Editorial: New journal invites ‘thinking rural’
01/24/2006
It’s a must read for rural Minnesota’s future decisionmakers.
Editorial: Star Tribune
Last update: January 24, 2006 – 12:56 AM
Things we learned by reading the inaugural issue of the Rural Minnesota Journal:
• The state economist, Tom Stinson, and the state demographer, Tom Gillaspy, see Minnesota as containing six economic regions—a “metroplex” and five distinct “ruralplexes,” Up North, Southeast River Valley, Southwest Corn Belt, Northwest Valley, and Central Lakes.
• The state’s fastest rate of employment growth from 1970 to 2000 was in the Central Lakes ruralplex, not the metro area. That region is projected to outstrip the metro area in workforce growth from 2005 to 2015.
• If today’s average Minnesota farm were the same size as the average farm in the 1950s, it would generate only $16,429 in annual income. No wonder farm size has grown.
• The 50 Minnesota high schools whose graduates are least likely to require remedial classes when they enroll in the Minnesota State Colleges and Universities system are all from rural Minnesota. Forty-five of the schools were small, graduating fewer than 1,000 students between 2000 and 2003.
Those and many other provocative nuggets of information are packed into the new semiannual publication that is the latest project of the Center for Rural Policy and Development. If its first issue is a telling prologue, the Rural Minnesota Journal will make a positive contribution to the policymaking that will shape the future for the nonmetro portion of this state.

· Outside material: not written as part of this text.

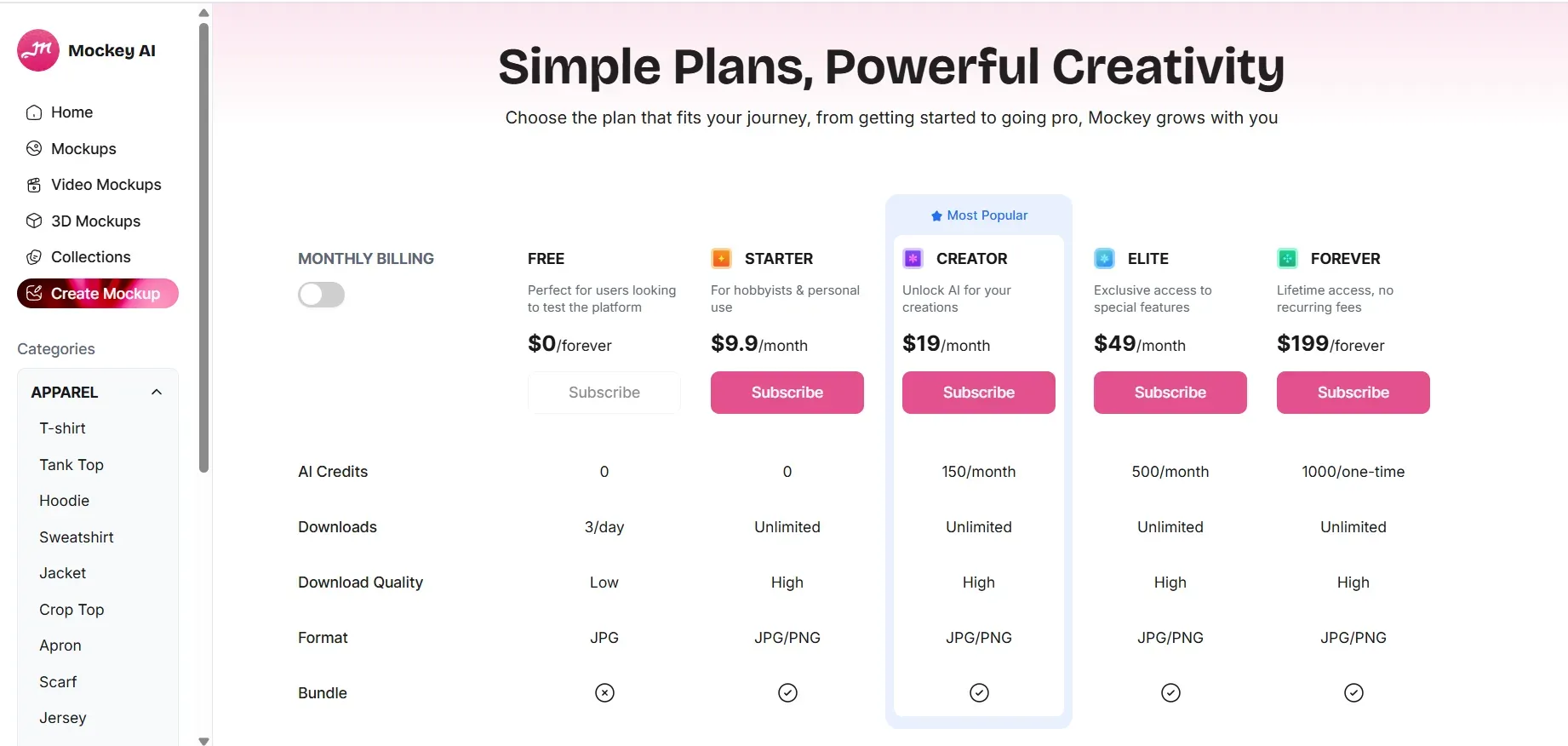 Mockey AI operates on a freemium model. While it has a free plan with basic features and limited mockups, the paid subscription unlocks premium templates, higher resolutions, and commercial licensing. Mockey’s paid subscription starts at $9.9/month.

Jack Geller, president of the St. Peter-based center, promises summer and winter issues, with the summer journal themes tied to his organization’s annual policy forums. This summer’s edition, for example, will focus on education in rural Minnesota. The first issue casts a larger net, with authoritative, often surprising essays on the latest trends in rural economics, education, health care and government. For anyone who cares about Minnesota—no matter where they live—the new Rural Minnesota Journal is a good read.